Cosine Similarity with Dense Embeddings

from sentence_transformers import SentenceTransformer, util
import torch

model = SentenceTransformer('all-MiniLM-L6-v2')

sentences = [
    "How do I reverse a list in Python?",
    "What's the Python syntax for flipping an array?",
    "How do neural networks learn from data?",
    "What is backpropagation in deep learning?",
]

embeddings = model.encode(sentences, convert_to_tensor=True)

# All-pairs similarity
cos_sim = util.cos_sim(embeddings, embeddings)
print("Dense Embedding Cosine Similarity:")
for i in range(len(sentences)):
    for j in range(i + 1, len(sentences)):
        score = cos_sim[i][j].item()
        print(f"  [{score:.4f}] '{sentences[i][:40]}' vs '{sentences[j][:40]}'")

# Semantically related pairs score high even with different wording
# 'How do I reverse a list in Python?' vs 'What's the Python syntax for flipping...' → ~0.82
# 'How do neural networks learn...' vs 'What is backpropagation...' → ~0.79

Finding Most Similar Documents

from sentence_transformers import SentenceTransformer, util
import numpy as np

model = SentenceTransformer('all-MiniLM-L6-v2')

knowledge_base = [
    "Transformers use self-attention to process sequences in parallel.",
    "RNNs and LSTMs process text sequentially, maintaining hidden state.",
    "BERT is a bidirectional transformer encoder trained with masked language modeling.",
    "GPT uses causal (unidirectional) attention for autoregressive generation.",
    "Fine-tuning adapts pretrained models to specific downstream NLP tasks.",
]

kb_embeddings = model.encode(knowledge_base)

def find_top_k(query, k=2):
    q_emb = model.encode([query])
    scores = util.cos_sim(q_emb, kb_embeddings)[0].numpy()
    top_k = np.argsort(scores)[::-1][:k]
    return [(knowledge_base[i], float(scores[i])) for i in top_k]

query = "What architecture does BERT use?"
results = find_top_k(query, k=2)
for doc, score in results:
    print(f"[{score:.4f}] {doc}")

Cosine vs Other Distance Metrics

Metric	Formula	Sensitive to Length	Range	Best for
Cosine similarity	angle between vectors	No	[-1, 1]	Most NLP tasks
Euclidean distance	straight-line distance	Yes	[0, ∞)	Equal-length vectors
Dot product	magnitude + angle	Yes	(-∞, ∞)	When magnitude matters
Manhattan distance	sum of absolute differences	Yes	[0, ∞)	Rare in NLP

Cosine similarity’s length-independence is its key advantage: a short document and a long document can still score 1.0 if they discuss the same topic in the same proportions.
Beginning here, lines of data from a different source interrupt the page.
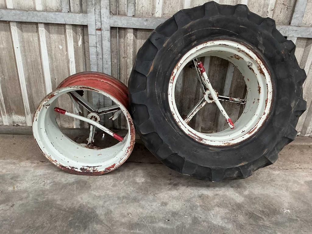 - Dubbele wielen Molcon5 arms molcon ster in goede staat 13.6 R 38 banden 40% weg wegens verkoop tractor passen naast 420/85r34 wielen of wielen met gelijkaardige velg en hoogteOphalen of Verzenden
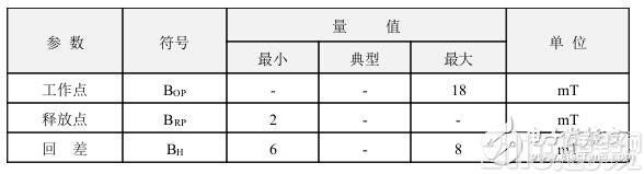 在外磁場的作用下,當磁感應強度超過導通閾值BOP 時,霍爾電路輸出管導通,輸出低電平。之后B 再增加,電路仍保持導通態(tài)。若外加磁場的B 值降低到BRP 時,輸出管截止,輸出高電平。我們稱BOP 為工作點,BRP 為釋放點,BOP-BRP=BH 稱為回差。回差的存在使開關電路的抗干擾能力增強。
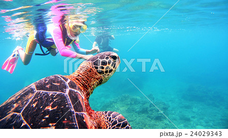 沖縄 渡嘉敷島の水中撮影 シュノーケリングでウミガメを観察する小学生と母親
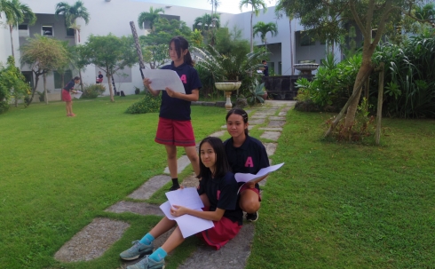 When the weather is nice, AMICUS students often spend time at the courtyard to read books, draw pictures and so on.
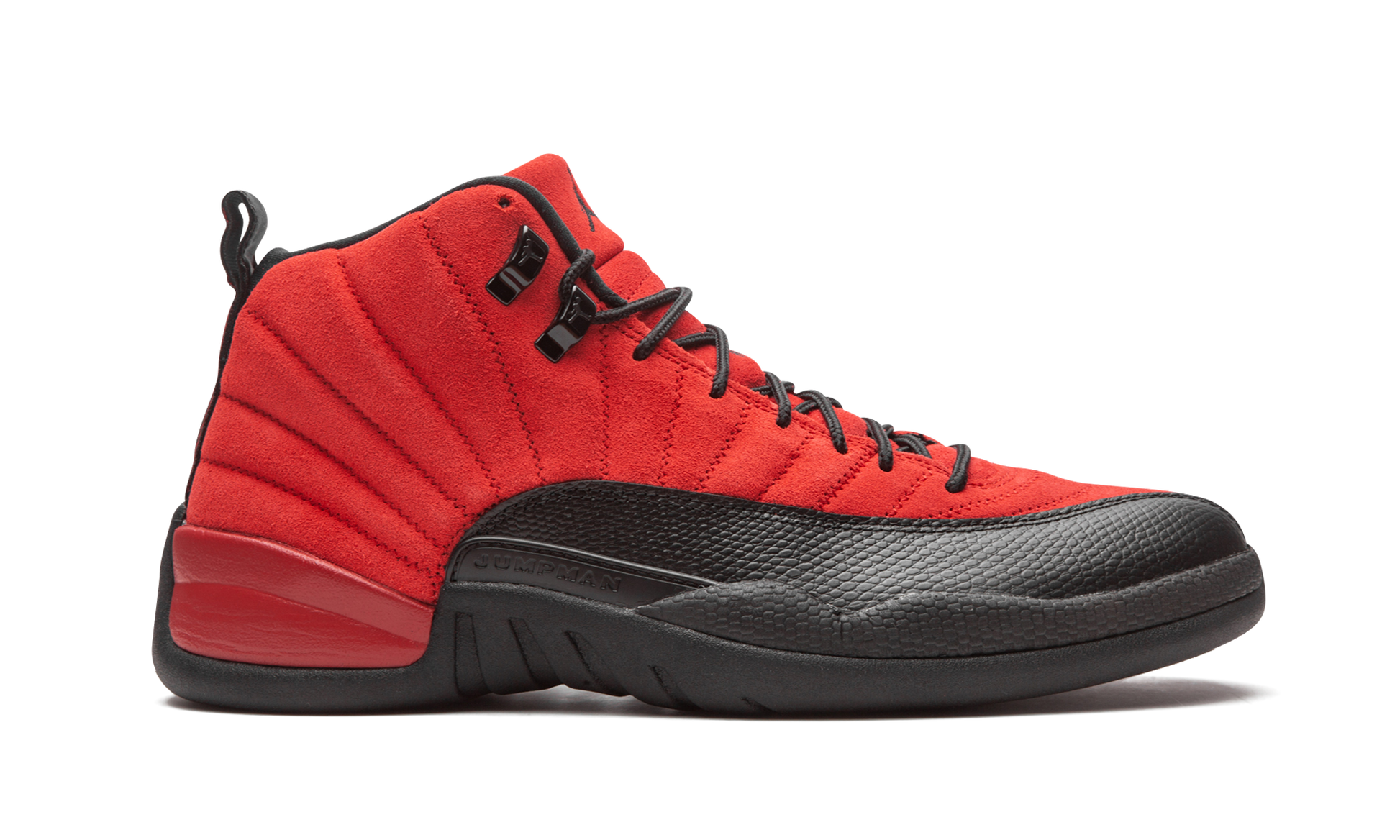 The Air Jordan 12 “Reverse Flu Game” rearranges the color block of an original colorway of Michael Jordan’s twelfth signature shoe. The “Reverse Flu Game” inverts the classic black leather upper and red pattern leather mudguard of the original Jordan 12 worn by Michael most famously during his epic “Flu Game” performance of Game 5 of the '97 NBA Finals. Whereas the original "Flu Game" featured a leather upper, the "Reverse Flu Game" displays a plush Varsity Red suede construction. The mudguard features a contrasting cut of black pebbled leather. The black rope laces sit on top a red suede tongue. A nod to the original design of the Air Jordan 12, the tongue displays a black embroidered Jumpman on the top and black "Two 3" branding beneath the laces. Additional design elements include a carbon fiber midfoot plate, two traction pods on the black outsole, and a red Jumpman on the toe. Release date: December 26, 2020. Reverse Flu Game

This makes it the default choice for document comparison in NLP.

Threshold Interpretation

def interpret_similarity(score):
    if score >= 0.95:
        return "Near-identical"
    elif score >= 0.85:
        return "Very similar"
    elif score >= 0.70:
        return "Similar topic"
    elif score >= 0.50:
        return "Some overlap"
    else:
        return "Different"

These thresholds vary significantly based on the embedding model and domain. Always calibrate thresholds on labeled data specific to your use case.